Having said that, you are probably right that it won't matter now for most webpages. But take for instance something like the Opera browser, which can remember the pages you have in memory. When you boot up these are automatically refreshed, something which could be done faster on a multicore machine.
 
Sis said:
Ah, ok. I thought Arwin was using that to back up the statement that Cell will be good at multithreading tasks. I didn't realize this thread had turned into the viability of using PS3 as web servers.

Cell (at least the SPEs) aren't good at multi-threading - they are good at parallel processing. This is because context switches are expensive on the SPE due the the huge local store compared to register set of most CPUs and the fact that to get best efficiency out of the SPE, you need to load the code into the local store and run it from there. Cell needs to stream processes or run one process, then unload it and run another in sequence rather than switch from process one to another while both processes are active.
 
Gubbi said:
Outside of compute farms you are not going to see CELL in servers, last of all in webservers. Context switching SPEs is extremely expensive, so virtualizing them is, for all practical purposes, impossible. That makes them 100% unfit for server workloads.

Cheers

I agree, but I don't think this is the biggest issue. The biggest issue is that web servers aren't CPU intensive, they are i/o bound. The CPU in a web server spends most of it's time caching or buffering data from hard drive, network, SAN/NAS etc. to/from RAM. You can't really use the SPEs effectively to do this, so in a Cell based web server, you will not make much use of the SPEs.

There are applications where Cell can and will be used in servers accesible on the web though:
1) In combination with farm of conventional web servers to do things like encryption or compression of data streams produced by conventional servers.
2) Future compute intensive server applications - like telephone voice recognition, image recognition or biometric security processing (probably in combination with conventional servers).
3) Serving compure intensive applications like multi-player distributed processing and server based games.
 
SPM said:
I agree, but I don't think this is the biggest issue. The biggest issue is that web servers aren't CPU intensive, they are i/o bound. The CPU in a web server spends most of it's time caching or buffering data from hard drive, network, SAN/NAS etc. to/from RAM. You can't really use the SPEs effectively to do this, so in a Cell based web server, you will not make much use of the SPEs.
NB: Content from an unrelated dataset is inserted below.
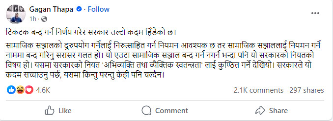 काठमाडौँ । नेपाली कांग्रेसका महामन्त्री गगन थापाले टिकटक बन्द गर्ने सरकारको निर्णय गलत भएको हुदा सरकारले यो निर्णय सच्चाउनु पर्ने र यसमा किन्तु परन्तु केही नचल्ने बताएका छन् । थापाले समाजिक सञ्जालमा स्टाट्स राख्दै सरकारले सामाजिक सञ्जालको दुरुपयोग गर्नेलाई निरुत्साहित गर्न नियमन आवश्यक भएपनि नियमन गर्ने नाममा बन्द गरिनु सरासर गलत भएको उल्लेख गरेका छन् ।

There are applications where Cell can and will be used in servers accesible on the web though:
1) In combination with farm of conventional web servers to do things like encryption or compression of data streams produced by conventional servers.
2) Future compute intensive server applications - like telephone voice recognition, image recognition or biometric security processing (probably in combination with conventional servers).
3) Serving compure intensive applications like multi-player distributed processing and server based games.

I'm sorry, but you are completely wrong.

Most webpages today are generated dynamically. Generally there are two ways of doing things: 2-tier systems (frontend+DBMS) or 3-tier systems (frontend-application server- DBMS). Popular frameworks/programming languages for the front end include PHP, .NET and Java, for the application server tier: .NET and Java. The DBMS can be anything: Oracle, MsSQL, PostGres, MySQL etc etc.

The frontend often has 150 threads to serve requests, the application server layer can have any number of threads (1 to umpteen hundred) , the DBMS often have at least 32 threads.

All are CPU intensive, and often all of this is residing on the same 1, 2 or 4 CPU box.

gzip compression of the output is trivial in comparison to the generation of the pages.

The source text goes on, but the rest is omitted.